Forgive my peasant mind, I've heard about K-L divergence before, I just don't know what it is used for nor what's special about it compared to other metrics?
I think people who love math expressed in nomenclature well never understand those who don't ...
K-L divergence is the pretty much really dumb, obvious thing you would probably think up if someone asked you to compare two probability distributions.
You would start by going "oh I suppose I will look at how far apart they are at all the different values" and add it up. Then you would say, "oh, but 0.1 and 0.01 are really an order of magnitude apart, just like 0.01 and 0.001. Perhaps it will work better if I use the log of the probability". Then you would pause for thought and say, "Hmmmm hang on some of the values are really extreme but almost never happen, shouldn't it be weighted by how frequently they occur?".

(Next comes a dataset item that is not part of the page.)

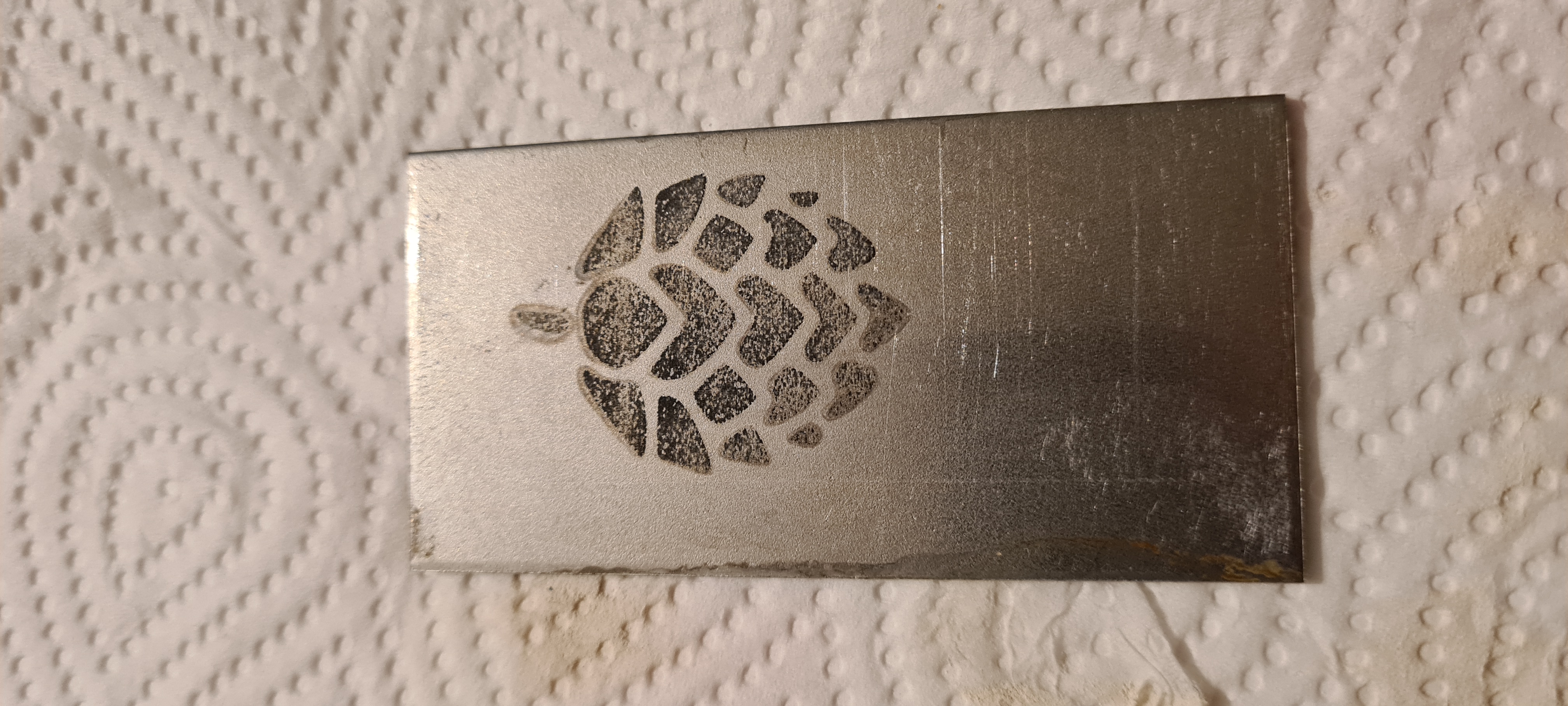 Für den ersten Versuch musste ein kleines VA Blech herhalten; mit 400er Papier grob poliert, mit Silikonschaber 1 Millimeter Senf aufgetragen und los gehts. Danach wiederSenf drauf und das gleiche Spiel nochmal. Abwaschen und das Ergebnis kann sich durchaus sehen lassen :thumbsup

But of course paragraphs of mathematical symbols are the way many people prefer to express this.
> K-L divergence is the pretty much really dumb, obvious thing you would probably think up if someone asked you to compare two probability distributions.
I don't think if anyone was asked simply to "compare two probability distributions", they'd come up with something asymmetric like the KL divergence. You'd need to at least add that one of the distributions is the "real" distribution.
I agree, however the next step would be to symmetrize the KL divergence because otherwise we get a result that depends on the order that we parse the distributions.
Practically speaking, it's a simple measure of how similar two probability distributions are, minimised (with value zero) when they are the same. So it's often used as a loss term in optimisations when you want two distributions to be pushed towards being similar. Sometimes this motivated by clever reasoning about information/probability ... but often it's more just "slap a KL on it", because it tends to work.